Art. 483. Os quesitos serão formulados na seguinte ordem, indagando sobre: I — a materialidade do fato; II — a autoria ou participação; III — se o acusado deve ser absolvido; IV — se existe causa de diminuição de pena alegada pela defesa; V — se existe circunstância qualificadora ou causa de aumento de pena reconhecidas na pronúncia ou em decisões posteriores que julgaram admissível a acusação.

COMO FICA A ORDEM DOS QUESITOS SE O RÉU ALEGOU LEGÍTIMA DEFESA E DESCLASSIFICAÇÃO Imagine a seguinte situação hipotética: João está sendo acusado de tentativa de homicídio. Levado a julgamento pelo Plenário do Tribunal do Júri, o advogado alegou duas teses em seu favor: legítima defesa e, subsidiariamente, desclassificação para lesões corporais dolosas, considerando que João não teria tido intenção de matar (animus necandi). Votação Concluídos os debates, o juiz, o membro do MP, o advogado e os sete jurados foram para a sala especial, tendo sido formulados os seguintes quesitos:

1º) Quesito sobre a materialidade do fato: “Em XX, por volta de XX horas, na Rua XX, bairro XX, nesta Comarca, a vítima foi atingida por disparos de arma de fogo, sofrendo as lesões descritas no laudo de fls. XX?” Por meio das cédulas, os jurados responderam SIM.

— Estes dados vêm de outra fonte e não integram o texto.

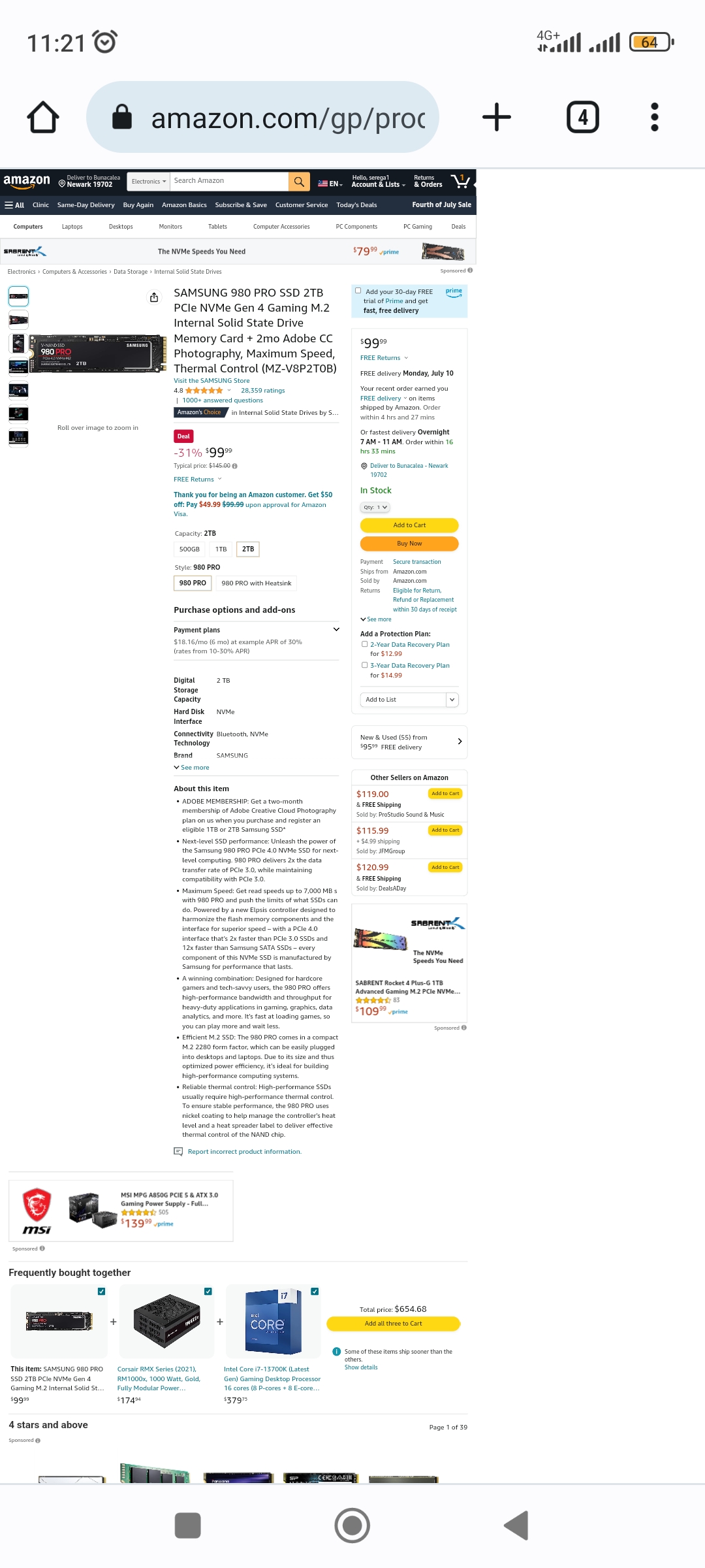 А у меня в конце 2019 был выбор либо взять 860 EV0 500GB за 5500 либо на 1TB за 10 с чем-то. В итоге купил на 1TB потому что, я прочил что версия на 1Tb не теряет скорости в отличие от 500GB А насчет 860ПРО сомневаюсь что он в играх быстрее чем EVO на 1tb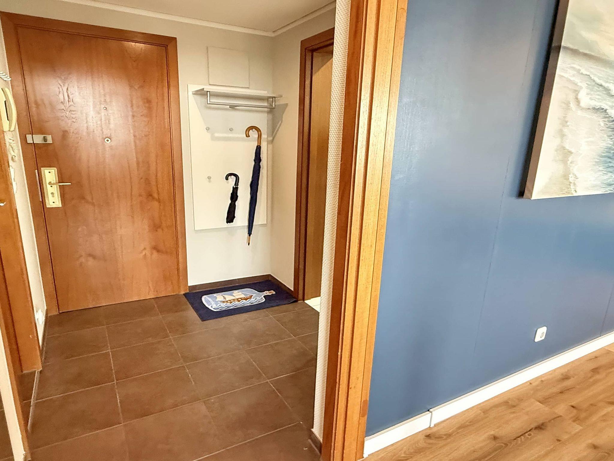 Diese stilvoll und gemütlich eingerichtete 2-Zimmer-Ferienwohnung bietet Platz für bis zu drei Personen und eignet sich hervorragend für Familien oder Paare. Der helle Wohnbereich überzeugt mit einem Essplatz, einem bequemen Sofa sowie einer Schlafcouch (140 × 200 cm), die sich in einer separaten Wohnraumnische befindet. Das Schlafzimmer ist mit einem komfortablen Boxspringbett (180 × 200 cm) und einem geräumigen Kleiderschrank ausgestattet. Vom Flur aus gelangen Sie sowohl in die voll ausgestattete Küche als auch in das modernisierte Badezimmer mit Dusche und Waschmaschine. Ein besonderes Highlight ist der großzügige Balkon, der sowohl vom Wohn- als auch vom Schlafzimmer aus zugänglich ist und einen herrlichen Blick auf Strand und Meer bietet. Dank der zentralen Lage erreichen Sie Restaurants, Einkaufsmöglichkeiten und Sehenswürdigkeiten bequem zu Fuß- beste Voraussetzungen für einen entspannten und erholsamen Urlaub.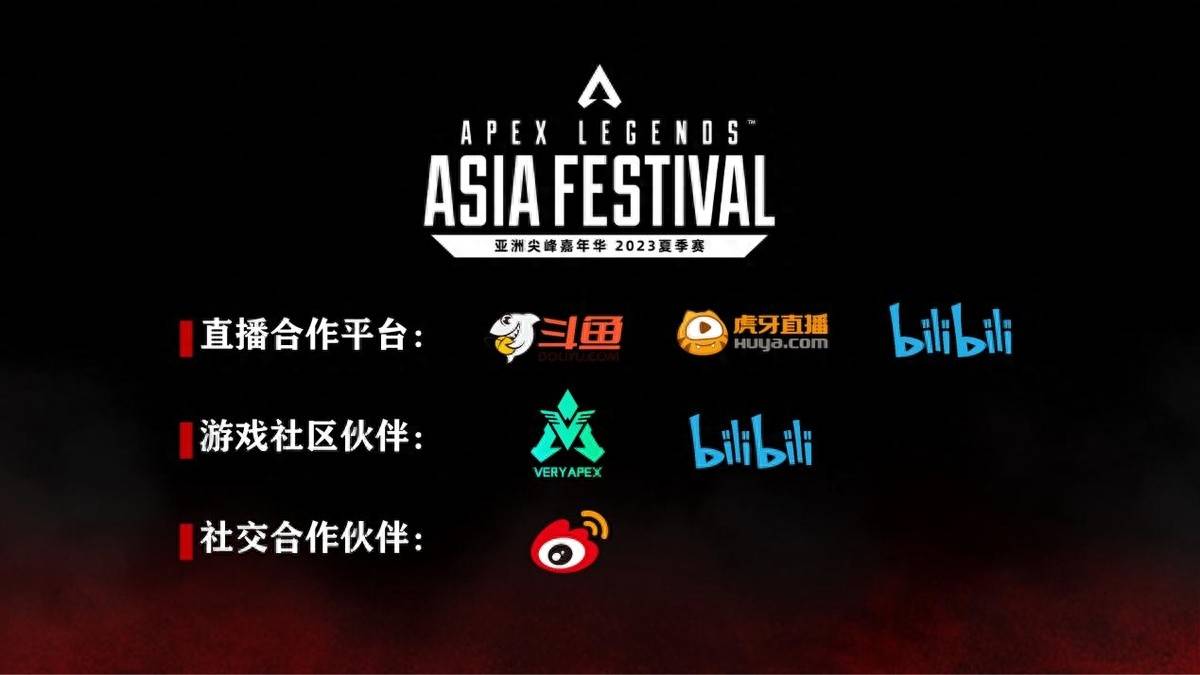 APEX亚洲尖峰嘉年华官方直播合作平台:斗鱼直播、虎牙直播、哔哩哔哩

2º) Quesito sobre a autoria: “O acusado foi o autor dos disparos?" Os jurados igualmente responderam SIM a esse quesito.

3º) Quesito genérico da absolvição: “O jurado absolve o acusado?” Quanto a esse quesito, os jurados responderam SIM.

Havia ainda um quarto quesito tratando sobre a desclassificação do crime: “Assim agindo, o acusado deu inicio à execução de um crime de homicídio, que não se consumou por circunstancia alheia à sua vontade?” O juiz decidiu que este quesito não mais precisava ser formulado, considerando que ele ficou PREJUDICADO em razão de os jurados terem respondido SIM para o 3º quesito (absolvição).

Diante disso, o juiz encerrou a votação e prolatou sentença absolvendo o réu. Recurso do Ministério Público O Promotor de Justiça apelou contra a sentença alegando que houve nulidade na formulação dos quesitos. No recurso, sustentou-se que o juiz desrespeitou a ordem legal. Isso porque o quesito da desclassificação deveria ter sido formulado antes da pergunta sobre absolvição.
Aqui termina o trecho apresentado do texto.